### What you will do
In the records below, reproduce exactly the lines from the one containing "1971年1月12日,美国海" through the one containing "在AWS门户,在联网与内容分发类别找到Route 53服务", both included, and omit the pictures.

### Available records

----

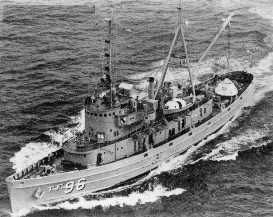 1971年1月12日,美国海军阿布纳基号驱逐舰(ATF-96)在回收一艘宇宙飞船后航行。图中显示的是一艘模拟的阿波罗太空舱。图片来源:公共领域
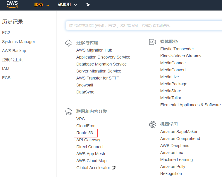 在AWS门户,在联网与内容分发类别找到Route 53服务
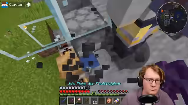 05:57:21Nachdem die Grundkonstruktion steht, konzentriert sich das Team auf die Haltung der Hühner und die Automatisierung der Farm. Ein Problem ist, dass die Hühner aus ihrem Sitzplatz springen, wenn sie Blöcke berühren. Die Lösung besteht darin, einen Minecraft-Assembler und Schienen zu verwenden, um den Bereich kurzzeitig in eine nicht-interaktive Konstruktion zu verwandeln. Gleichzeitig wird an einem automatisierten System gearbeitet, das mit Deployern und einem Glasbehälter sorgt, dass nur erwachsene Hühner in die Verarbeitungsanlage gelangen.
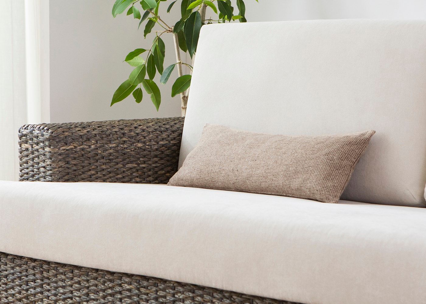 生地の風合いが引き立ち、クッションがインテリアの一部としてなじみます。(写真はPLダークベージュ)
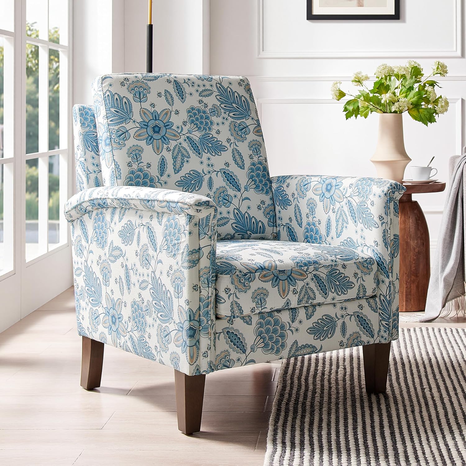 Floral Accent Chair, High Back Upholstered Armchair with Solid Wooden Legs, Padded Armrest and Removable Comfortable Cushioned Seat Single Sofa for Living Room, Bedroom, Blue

----

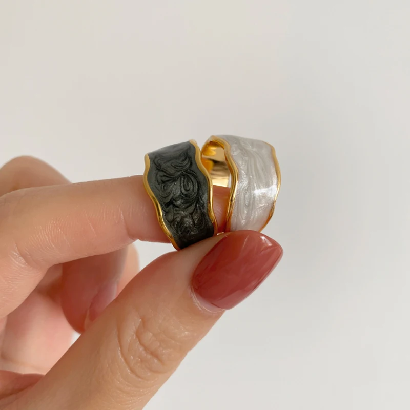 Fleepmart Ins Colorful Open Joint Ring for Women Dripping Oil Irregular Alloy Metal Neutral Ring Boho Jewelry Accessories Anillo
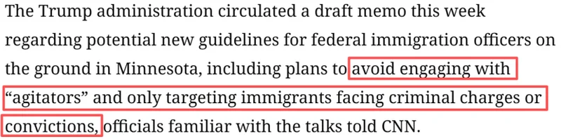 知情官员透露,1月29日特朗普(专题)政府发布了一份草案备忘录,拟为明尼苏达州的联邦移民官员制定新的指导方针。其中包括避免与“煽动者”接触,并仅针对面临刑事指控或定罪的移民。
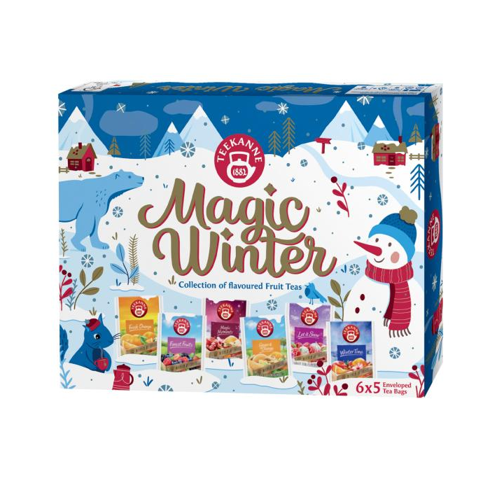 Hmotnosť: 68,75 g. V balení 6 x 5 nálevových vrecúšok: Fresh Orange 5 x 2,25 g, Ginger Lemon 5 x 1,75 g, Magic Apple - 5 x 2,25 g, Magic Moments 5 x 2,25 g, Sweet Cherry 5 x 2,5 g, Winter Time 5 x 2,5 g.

----

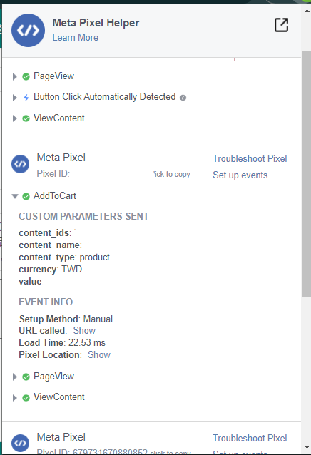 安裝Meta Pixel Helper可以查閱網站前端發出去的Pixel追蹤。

----

### Exercise answer
 1971年1月12日,美国海军阿布纳基号驱逐舰(ATF-96)在回收一艘宇宙飞船后航行。图中显示的是一艘模拟的阿波罗太空舱。图片来源:公共领域
 在AWS门户,在联网与内容分发类别找到Route 53服务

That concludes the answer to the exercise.